12月11日、公立大学協会は、国立大学協会、日本私立大学団体連合会、日本学術会議 と連名で、各団体が協力して研究の健全性向上のために活動することを宣言する 「科学研究の健全性向上のための共同声明」を公表し、記者会見を行いました。
記者会見には、本協会からは中村慶久副会長(岩手県立大学長)が出席しました。
科学研究の健全性向上のための共同声明
我が国の研究機関は、種々の学術分野で世界の拠点の一角を占め、数多くの重要な成果を挙げてきた。このことは、我が国の研究者がノーベル賞をはじめとする国際的な学術賞の受賞者に数多く含まれていることからも明らかである。 一方で、研究費の不正使用、データのねつ造や改ざん、盗用に代表される研究活動における不正行為が後を絶たないという問題が存在している。

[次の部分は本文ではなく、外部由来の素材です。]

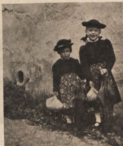
Rožankici iz Kaple ob Dravi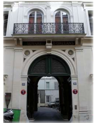
Entrée du square d'Orléans, 80 rue Taitbout, Paris 9e arrondissement

Au rez-de-chaussée du musée, trois salles sont exclusivement consacrées à George Sand. Le but est de retracer l'histoire de cette artiste, en reproduisant les lieux où elle a vécu et en exposant ses dessins, les portraits de ses familiers, le mobilier et les bijoux qui lui appartenaient. Beaucoup d'objets sont liés à Nohant , une belle demeure dans le Berry, où George a passé son enfance et aimait se retirer, loin de Paris.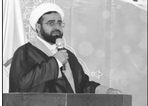
برگزاری آزمون کتبی حفظان قرآن به صورت الکترونیکی

۲۶ هزار و ۵۰۰ نفر در آزمون شفاهی ای طرح شرکت می‌کنند. وی افزود: دوره مرحله دوم این دوره نیز همزمان با سراسر کشور و در پنج رشته ۱۸ ماهه به مدت ۱۲۸ حوزه فرعی و اصلی استان اصفهان در ۱۰ حوزه امتحان برگزار می‌شود. برخی مدارس برپاست اجتماعی می‌شود. معاون فرهنگی و اجتماعی اداره کل اوقاف و امور خیریه استان اصفهان گفت: برگزاری این مسابقه در استان اصفهان برای اولین بار در کشور توانسته است مستقیم انگیزشی را برای برکازی آزمون‌کنی ای طرح فراهم کند.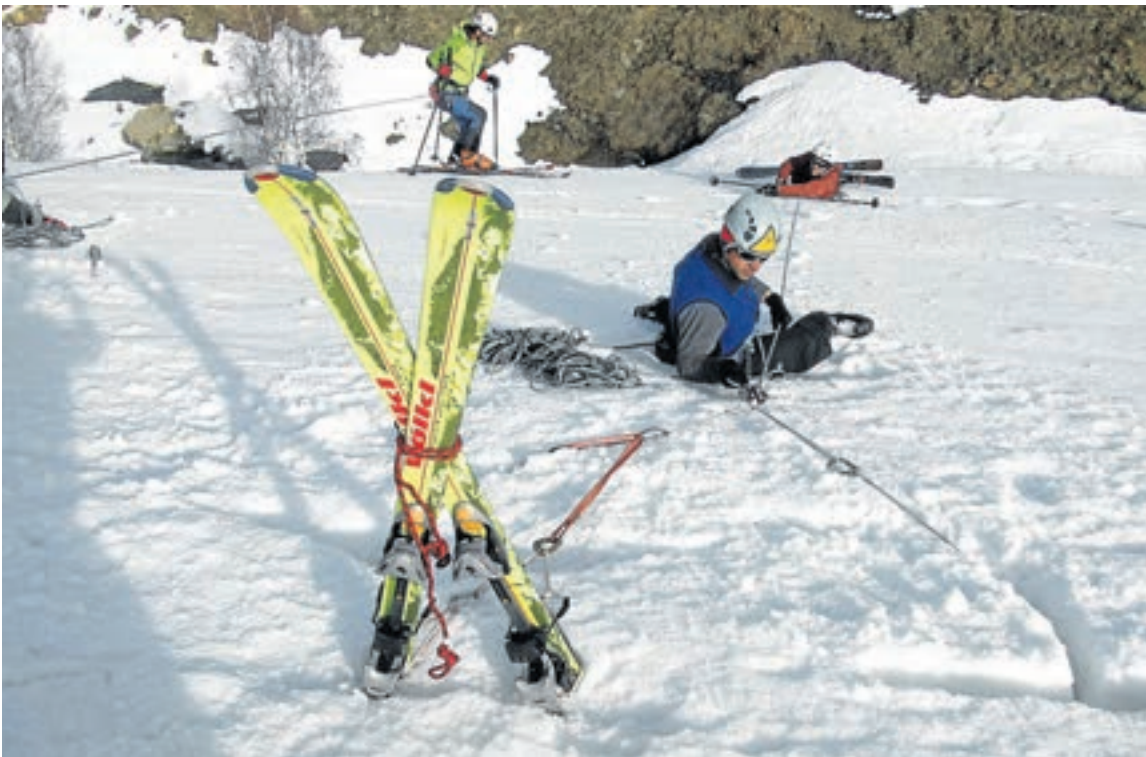
Prácticas en el curso de Técnico Deportivo de Alta Montaña.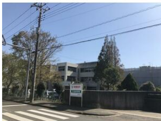
四街道市立千代田中学校まで1,306m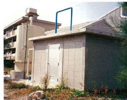
名称：水産試験場海水濾過施設 所在地／糸満市 工期／平成1年11月1日～平成2年2月28日 構造／補強コンクリートブロック造(平屋建) 延面積／38㎡ 設計／尚久総建築設計室 総工事費／28,478千円 施工／建築：神谷建設 設備：沖縄総合設備株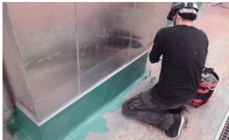
既存シーリング撤去中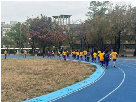
班級於早自修進行跑步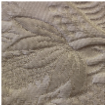
1664-01 TRIANON - IVOIRE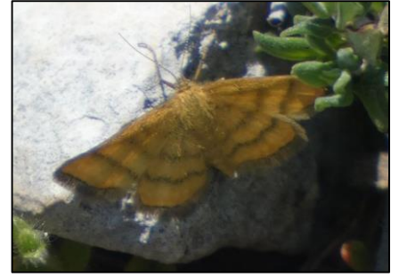
Acidalie des alpages Idaea aureolaria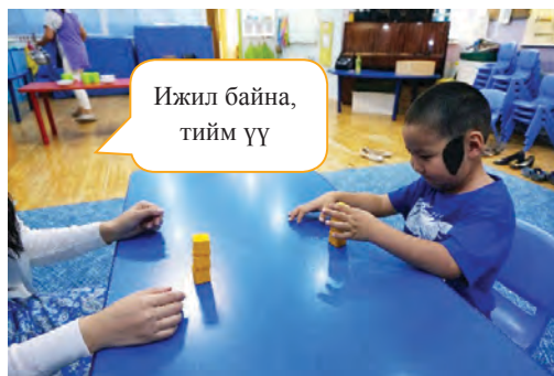
Хүүхэд багшийг дуурайж өрөх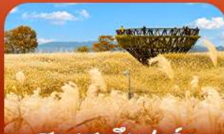
สวนฮานิลปาร์ก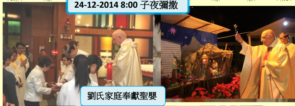
劉氏家庭奉獻聖嬰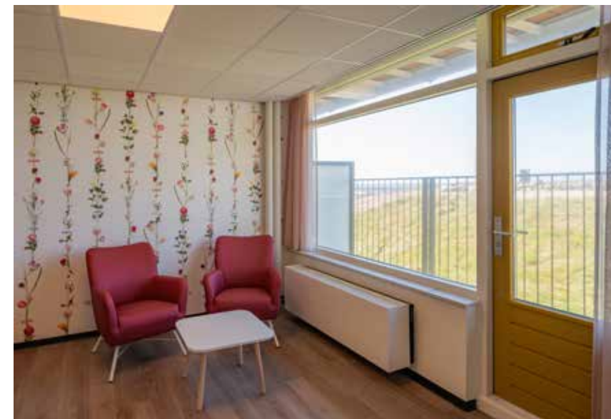
De ClimaRad Vita H1C: ventilatie, verwarming en koeling ineen.

Tekst | ClimaRad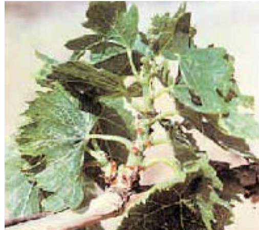
Deficiencia de B

Funciones del B en la planta El B interviene en muchos procesos fisiológicos de la planta como el transporte de azúcares, síntesis y estructura de la pared celular, lignificación, metabolismo de carbohidratos, metabolismo del RNA, AIA, fenoles y ascorbatos, respiración e integridad de la membrana plasmática. Entre las diversas funciones atribuidas al B en las plantas, dos están claramente definidas. Estas son la síntesis de la pared celular y la integridad de la membrana plasmática. El B es absorbido del suelo como borato [B(OH)_4^-] y ácido bórico ( H_3BO_3 ).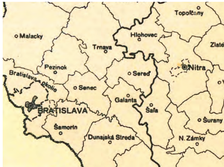
Detail mapy: Československá republika, Administratívne a územné rozdelenie, 1957

ONV a kaštieľ v Seredi sa v 50. rokoch 20. storočia tragicky zapísali do života a osudov mnohých rodín z obcí Seredského okresu. Odtiaľto smerovali k ľuďom rôzne nariadenia, výmery a príkazy, ktorými prišli ľudia o svoje živnosti, nehnuteľnosti a hnutelný majetok. Tu predpisovali roľníkom neprímerane vysoké kontingenty – povinné dodávky potravinárskych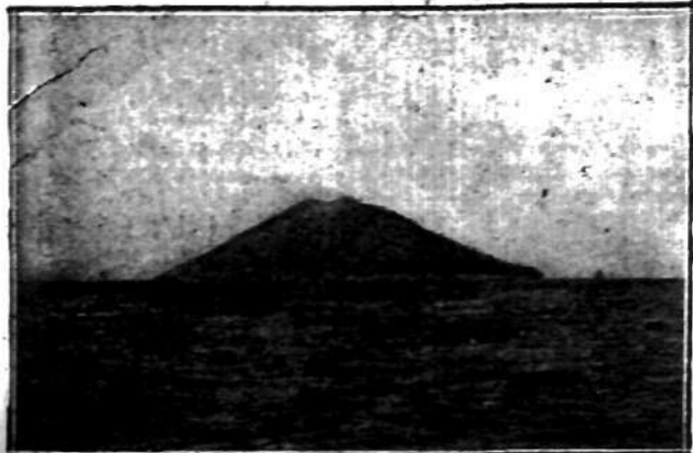
Wyspa Stromboli z dymiącym wulkanem na morzu Śródziemnym.

Po szeregu wycieczek w okolice Neapolu odkotwiczyliśmy z portu 21 lipca wieczorem i po wyjściu z portu wzięliśmy kurs na południe, kierując się do cieśniny Messyńskiej.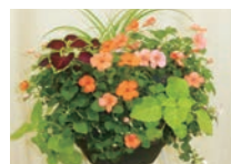
夏の草花のバスケット

日6月16日(木)10:00~12:00 場中央公園ファミリープール ¥2,500円 申往復はがきで、必要事項(6頁左)を、5月31日(火)(必着)までに、みどり生きもの協会(〒730-0011 中区基町4-41)へ。抽選12人 問☎228-0815、☎228-1891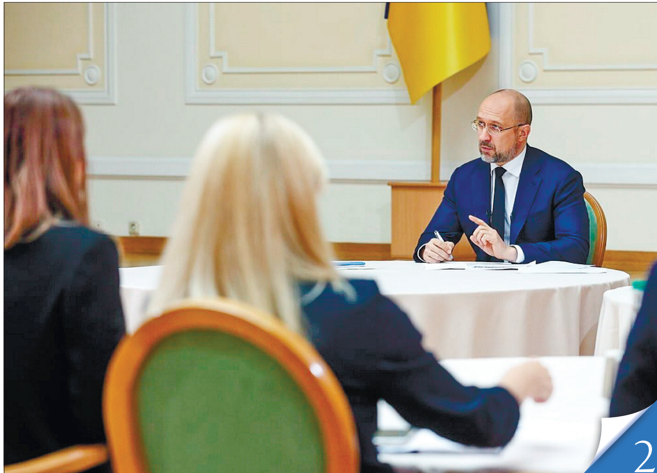
Широке спілкування з пресою Прем'єр-міністра Дениса Шмигала ознаменувало відкриття нового політичного сезону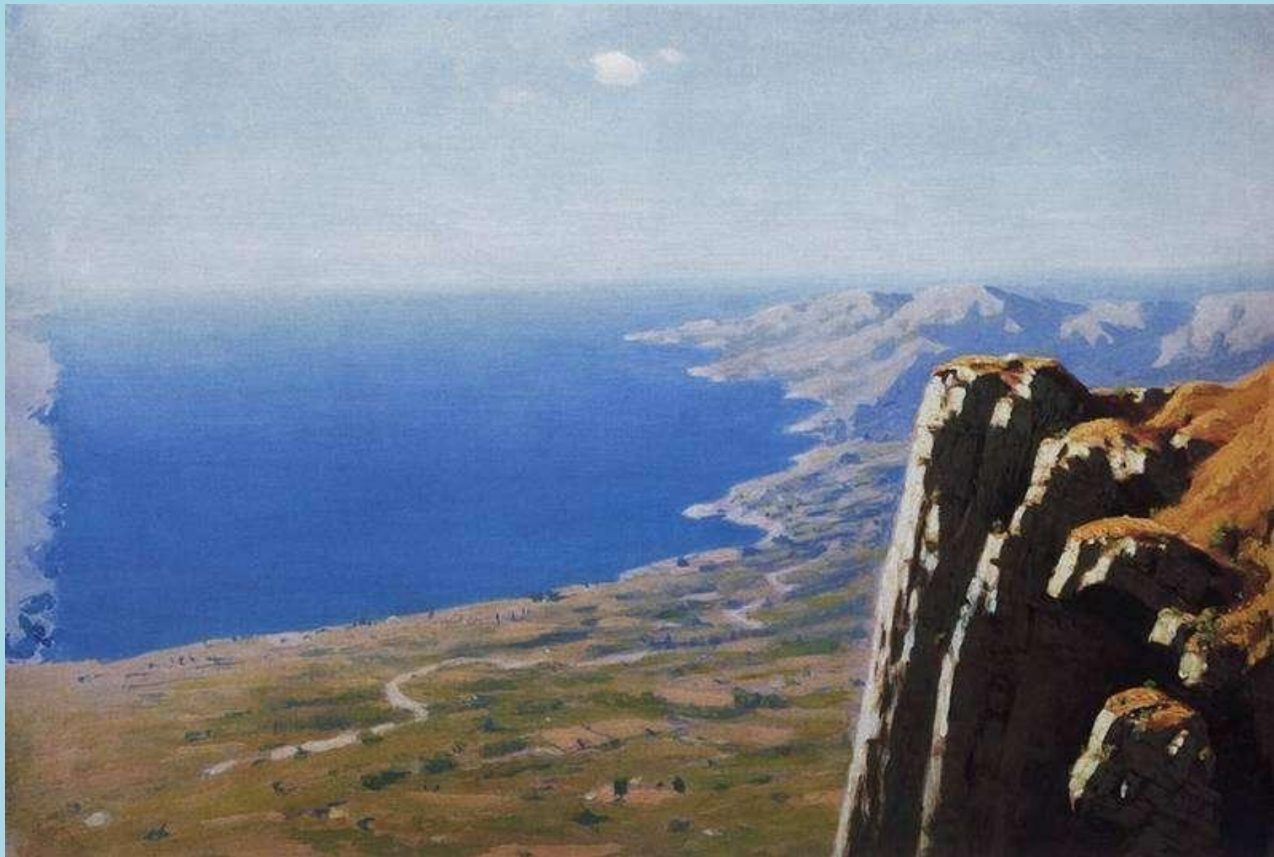
Картина А.И. Куинджи «Берег моря со скалой»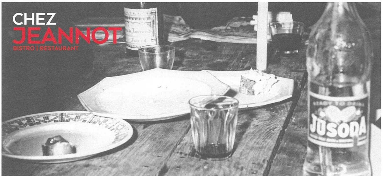
JEAN TINGUELY UND EVA AEPPLI IM ATELIER IMPASSE RONSIN, PARIS, ENDE 1950ER-JAHRE (DETAIL)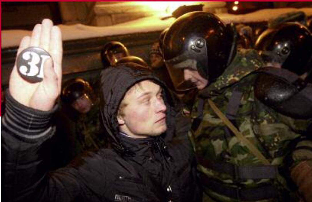
Demonstration für Artikel 31 der russischen Verfassung, der Versammlungsfreiheit garantiert.

genau verboten sind. Die Strafen für Zuwiderhandlungen gegen diese Gesetze betragen zum Teil mehrere zehntausend Euro, im schlimmsten Fall können Medien vorübergehend geschlossen werden.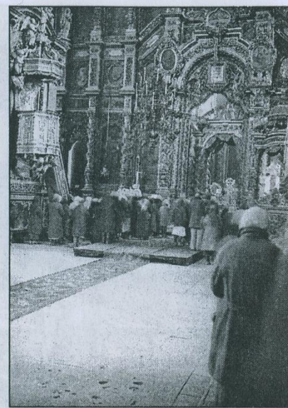
Одно из первых богослужений в Свято-Успенском кафедральном соборе г. Смоленска после его открытия в августе 1941 г.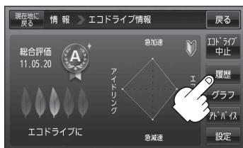
(例)エコドライブ情報画面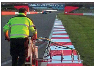
H9 Circuito Silverstone en Silverstone, UK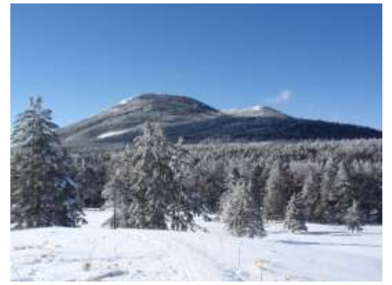
15. 茶臼山と縞枯山がくっきり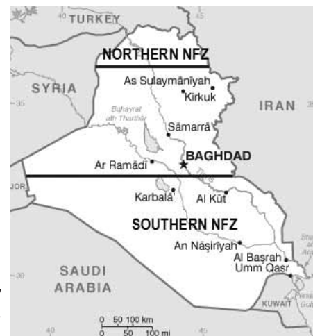
Χάρτης 3: Απαγόρευση πτήσεων πάνω από το Ιράκ, 1991-2003. NFZ σημαίνει «No Flying Zone».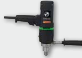
EHB 20/2.4 1150 Вт, 250/450 об/хв. Ø 20 мм в металі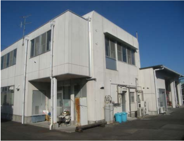
石田消防署 鎌田出張所 建物外観状況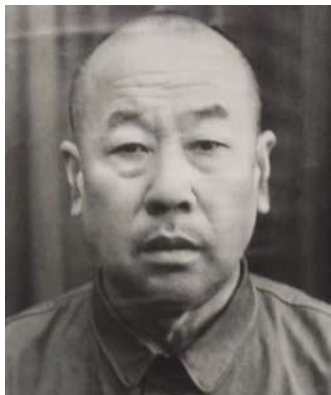
裴学海(1899—1970),语言文字学家。河北省滦县人。

据说,裴学海先生来河北大学工作与郭沫若有关。《滦南人物》一书中的词条这样说:“解放初期,郭沫若到天津讲学,讲学前问:‘裴学海来了没有?他在天津只教中学,你们要是不用他,科学院请他去。’经郭老举荐,裴先生从天津六中调到天津大学(河北大学前身)中文系。1954年他任天津师范大学(后更名河北大学)中文系讲师,1959年晋升为副教授,曾任河北大学中文系古汉语教研室主任。”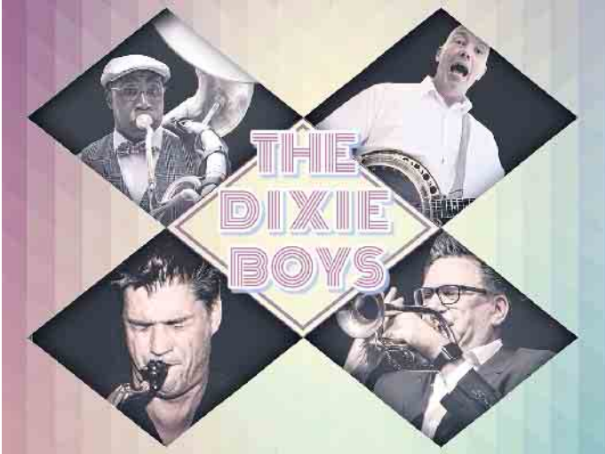
Die vier professionellen Musiker der Dixieboys sorgen auf dem Bad Driburger Winzerfest für gute Laune

Bibelgarten der Stiftung Senfkorn sowie die Privatgärten „Hausgarten Eggweg“ und „Hortus Im Iburgtal“ auf interessierte Besucher. Und am Sonntag lädt der Gräfliche Park zum bunten Parkfest mit tollem Rahmenprogramm ein. Manchmal liegt das Gute so nah wie das Festwochenende in Bad Driburg mit tollem Programm. Wer gerne sein Auto stehen lassen möchte, der findet ausreichend Übernachtungsmöglichkeiten in Bad Driburg oder kann direkt die Winzerfestpauschale inklusive 3 Übernachtungen buchen. Weitere Infos: Bad Driburger Touristik GmbH, Lange Str. 87, 33014 Bad Driburg, Telefon 05253 98940 sowie unter www.bad-driburg.com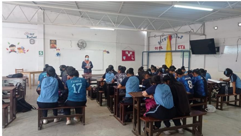
Colegio Guadalupe de Miramar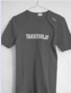
Afbeelding 1. Takkewijf.

Staat u mij toe dat ik deze bijeenkomst begin met een tweetal opmerkelijke uitspraken. Het ANP meldt op 20 mei 2006 het volgende: “Minister Gerrit Zalm van Financiën heeft donderdag excuses aangeboden aan zijn collega Rita Verdonk (Vreemdelingenzaken en Integratie), omdat hij een uitspraak over haar had gedaan die ‘ronduit ongepast is’. Hij zou haar hebben omschreven als ‘takkewijf’. De tweede die ik onder uw aandacht wil brengen, is het onthullende misverstand dat met buitensporige pretenties gepreekt wordt door de initiatiefnemers van de zogenaamde witte spelling 2006. Die verkondigen gratis en lukraak: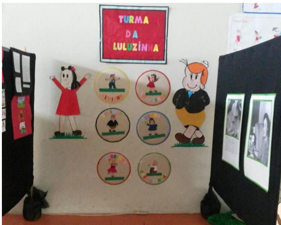
Figura 11 – Estande com produções dos alunos do 8º ano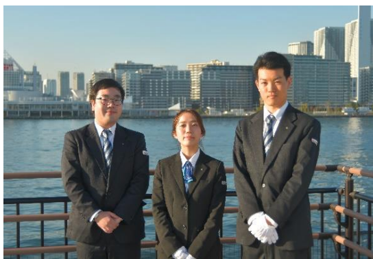
仲良く楽しい営業所です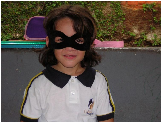
Imagem 9: Fantasia.

Nunca fui um grande entusiasta de fantasias. Elas me despertam sentimentos de preguiça (pensar um tema e planejar todo o disfarce) por causa das festas. Festas à fantasia são sempre ambientes desconfortáveis. Quando criança tinha meus heróis favoritos e, é claro, que eles eram as principais referências para o tão esperado dia da fantasia no colégio. Nos fantasiar, no ambiente escolar, era quase como um episódio comemorativo de qualquer série de televisão que nos vem à cabeça.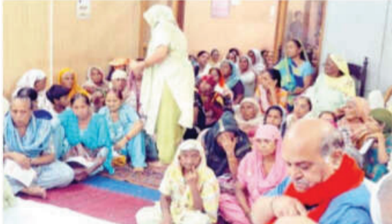
अंबाला शहर के काजीवाड़ा स्थित महावीर सत्संग सभा में आयोजित राशन वितरण कार्यक्रम में उपस्थित लोग।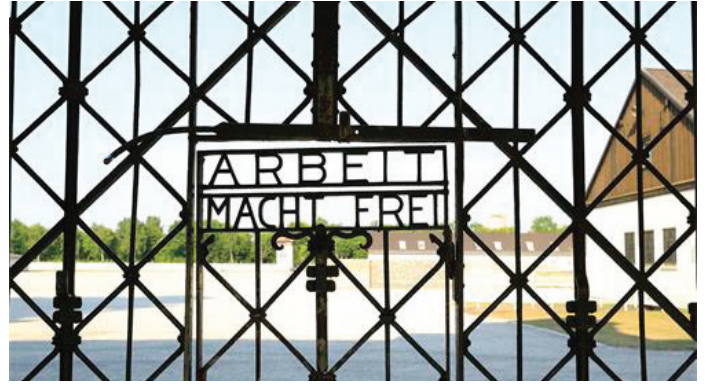
▲ 达豪集中营，德国纳粹建立的第一个集中营，位于德国南部达豪镇，距离慕尼黑 16 公里，曾先后关押过约 19 万人。

支持明慧网，分享明慧网信息，你就是在帮助传播公正的、正义的历史，减少人类的损失。（文：一言）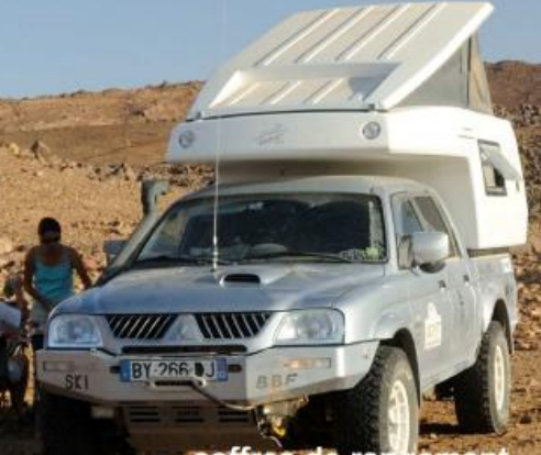
coffres de rangement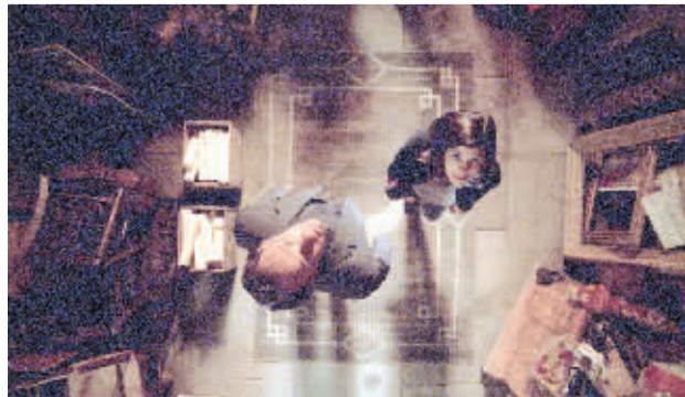
《达》片在戛纳首映，没获得多少掌声却收获一堆劣评。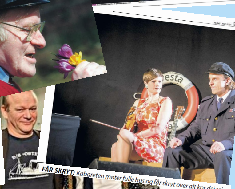
FÅR SKRYT: Kabareten møter fulle hus og får skryt over alt kor dei reiser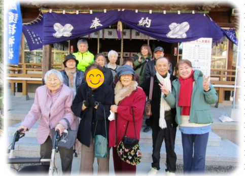
社殿の前でハイ、ポーズ☆ 全員が写真に写れるようにと 神主様が写真を撮って下さい ました！( ^ v ^ )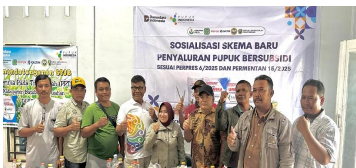
Gambar 9. Kegiatan Eksternal: Sosialisasi Program

Setelah rapat selesai, tim mengabadikan momen kebersamaan dengan penuh antusiasme. Foto ini menggambarkan kekompakan, keakraban, dan semangat positif dari seluruh anggota. Dokumentasi ini menegaskan bahwa perancangan company profile tidak hanya sebatas teknis, namun juga melibatkan kolaborasi tim yang solid.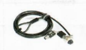
YKL01, Kensington-lock cable

最近も、研究費の不適切な使用、データねつ造等の論文作成における不適切な行為等の研究活動に対する社会的な不信を招く事案が大学等の研究機関で多発しているのは、残念ながら事実である。 一般社団法人国立大学協会、一般社団法人公立大学協会、日本私立大学団体連合会及び日本学術会議は、我が国の学術界が、日常的な研究活動における研究の健全性を飛躍的に強化するとともに、研究者の育成において一人ひとりの研究者の規範意識を高めるための対策を講じることによって、我が国及び国際社会における学術研究に対する信頼性を回復して、さらにそれを高めていくことが急務であると考え、以下のとおり決意を表明し、我が国の学術界の責務として、各団体が協力して研究の健全性向上のために活動することを宣言する。 1 大学等の研究機関は、世界における研究活動の中心の一つとしての役割をさらに高めていくため、研究活動における不正行為、研究費の不正使用を許さず、世界の範たる健全な研究を遂行する。もし疑惑が生じた場合には、第三者の協力を得つつ、組織の責任として、適切な方法で迅速・的確に対処する。 2 研究活動における不正行為、研究費の不正使用の防止には予防的な措置が不可欠であり、大学等の研究機関は、すべての研究者が健全な研究活動を実践できるよう、広く研究の倫理を含めて、適切な学習プログラムの履修を義務付けるとともに、これらが実効性あるよう、継続的に評価・審議していく。 3 大学等の研究機関及び日本学術会議は、我が国の科学者コミュニティの主要な一員として、研究活動における不正行為、研究費の不正使用に対する厳正な対処予防のための学習プログラムの開発と普及に向けて相互に協力し、我が国の科学研究に対する国内外の信頼を高めるために全力で取り組む。